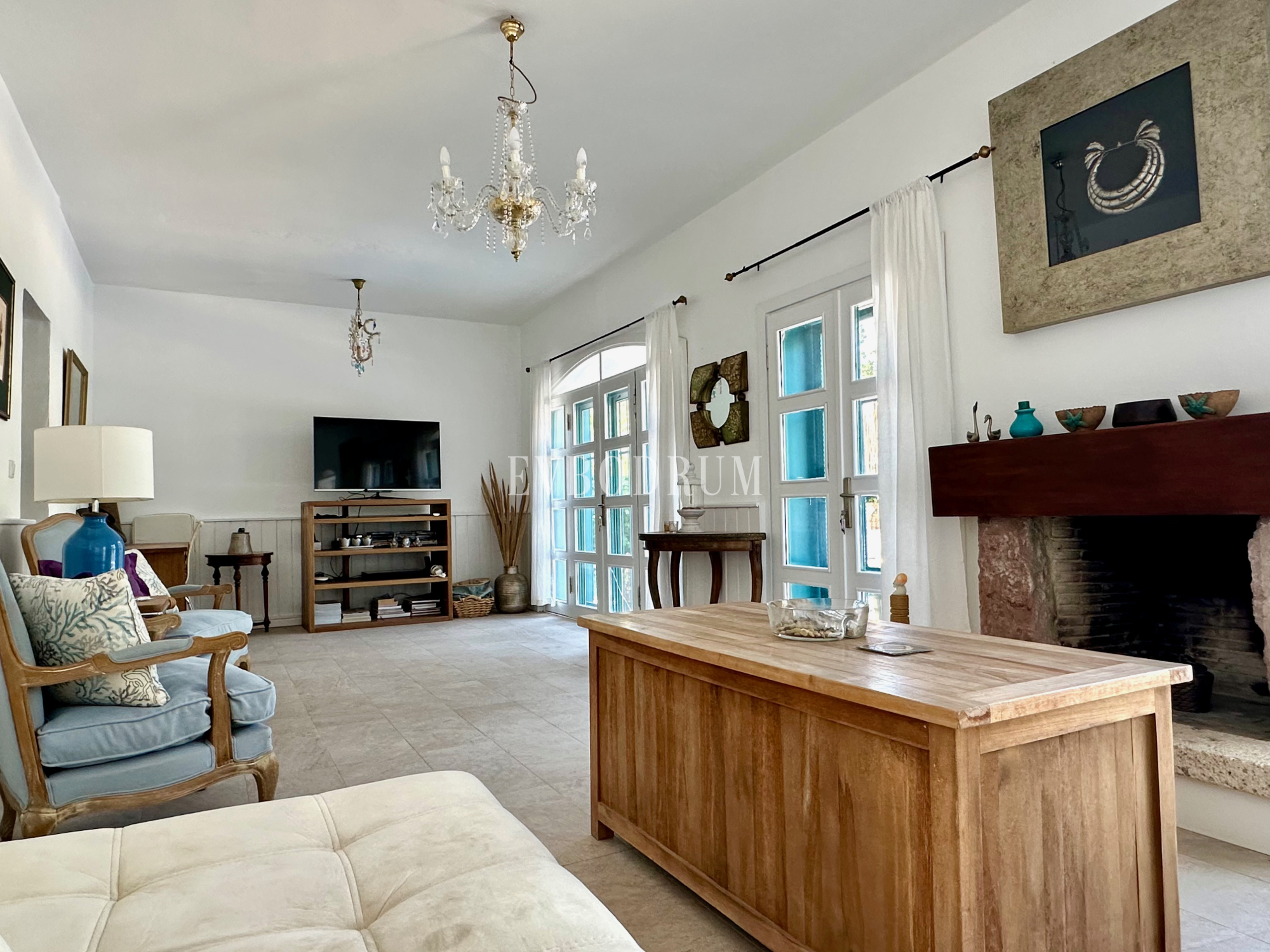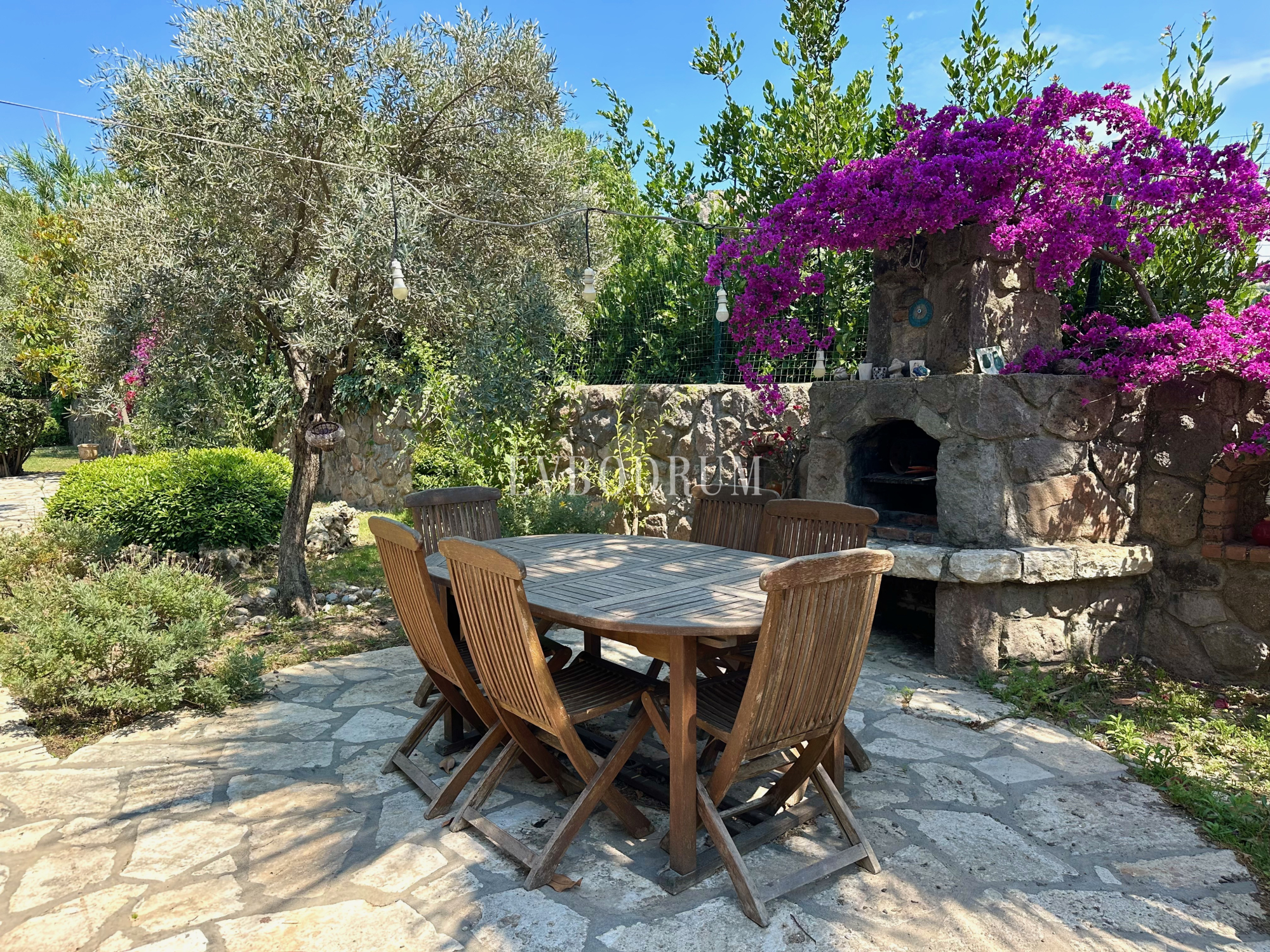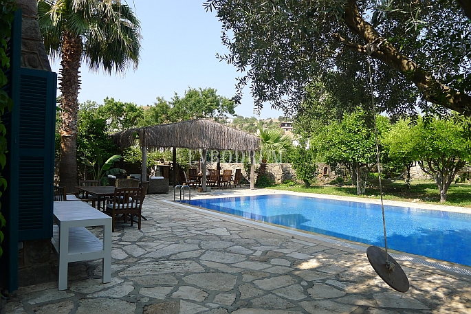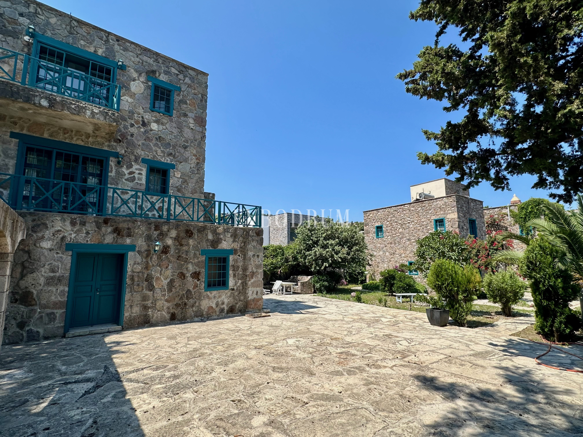 Ayrı bir konuk evine sahip bu taş villa, Türkbükü'nün kalbinde, mağazalar, restoranlar ve plajların bulunduğu şehir merkezine sadece kısa bir yürüyüş mesafesinde, toplam 2.000 m²'lik güzel bir mandalina bahçesinde yer almaktadır.
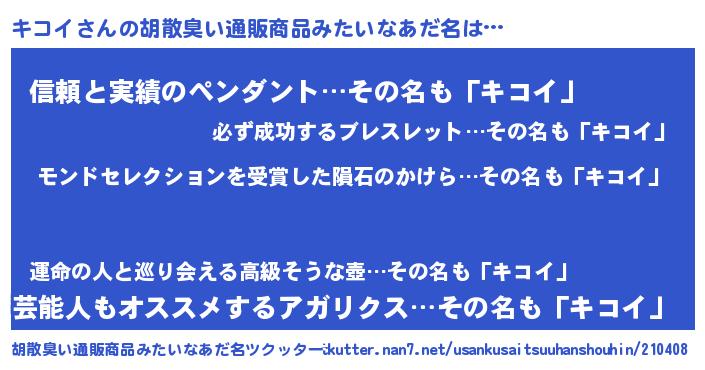 | 意味不明あだ名 | 『ヨモギ科キコイ属』『自称キコイ』 |
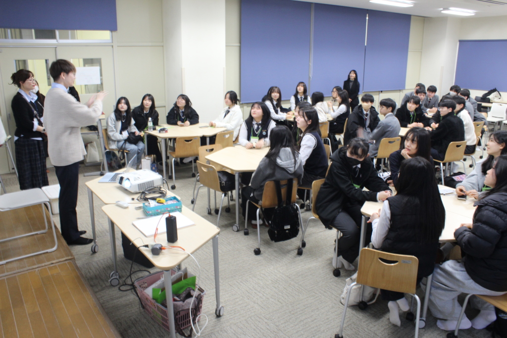 大学の施設の1つである好適環境水のカワハギやウナギの稚魚などの水槽の見学から始まり恐竜博物館で館員の先生からお話を聞き、GSコース1年生と一緒に英語と日本語の楽しいアクティビティーの授業を受講しました。日本人と同様に韓国人も、日本語と韓国語の言葉のバリアを超えた、生徒たちの夢中に食いついた、普段見せない様子でした。
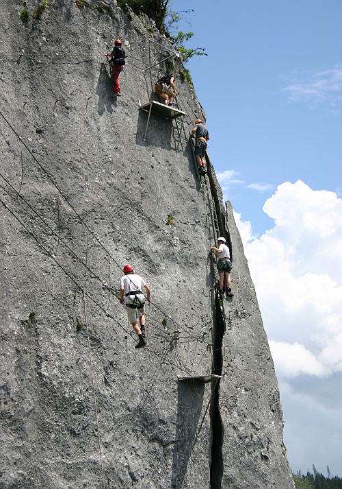 Metodika - výklad a praxe horských vůdců. Túry a výstupy: bouldering, lezení do 6. st. UIAA, slaňování, zajištěné cesty, VHT v oblastech - Ewige Wand, Predigtstuhl, Donnerkogel, Seewand, Traunstein, jižní stěna Dachsteinu.
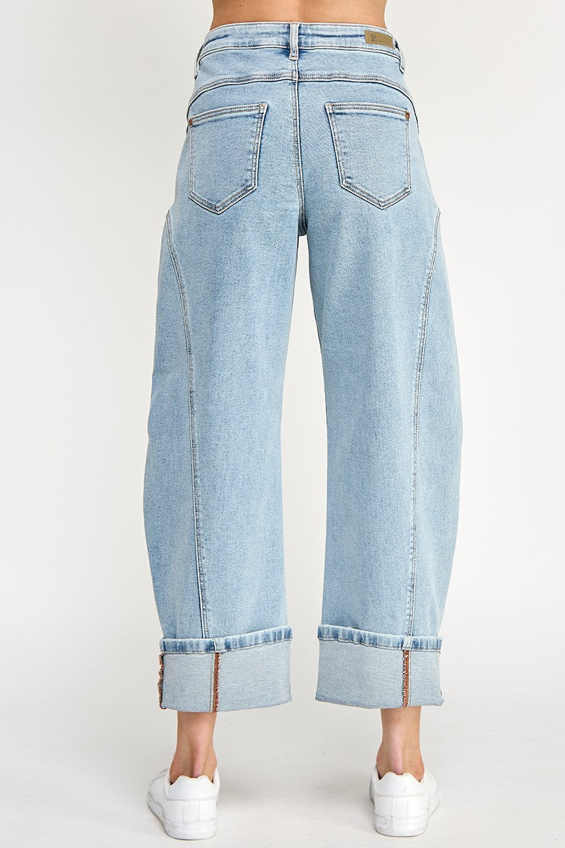 These high-rise barrel wide cuffs bring a fun twist to your denim collection. With a comfy stretch, they hug your curves while giving you room to move. The 10 ½” front rise and 26 ½” inseam hit just right for a flattering fit, and the 18” leg opening adds a breezy, wide-leg vibe. Perfect for dancing through your day with style and comfort!
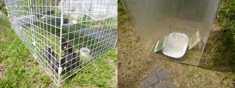 100均素材でひよこ小屋のベースを作ったがボツに。直ぐに解体にかかろうと思ったが、ひよこを庭で散歩させるのに使えた。カラスや猫からは、ある程度守られるので、放牧(?)可能。小さい内から土をつつかせて、様々な菌を摂り込ませ腸内細菌叢を安定させないといけない。
________
▶ Task item: If a line comes after the line with "意味不明あだ名 | 『ヨモギ科キコイ属』『自称キコイ』 |", it stays out; print exactly every line from the start of the entries up to and including that line, but no pictures.

▶ Task output:
 Ayrı bir konuk evine sahip bu taş villa, Türkbükü'nün kalbinde, mağazalar, restoranlar ve plajların bulunduğu şehir merkezine sadece kısa bir yürüyüş mesafesinde, toplam 2.000 m²'lik güzel bir mandalina bahçesinde yer almaktadır.
 | 意味不明あだ名 | 『ヨモギ科キコイ属』『自称キコイ』 |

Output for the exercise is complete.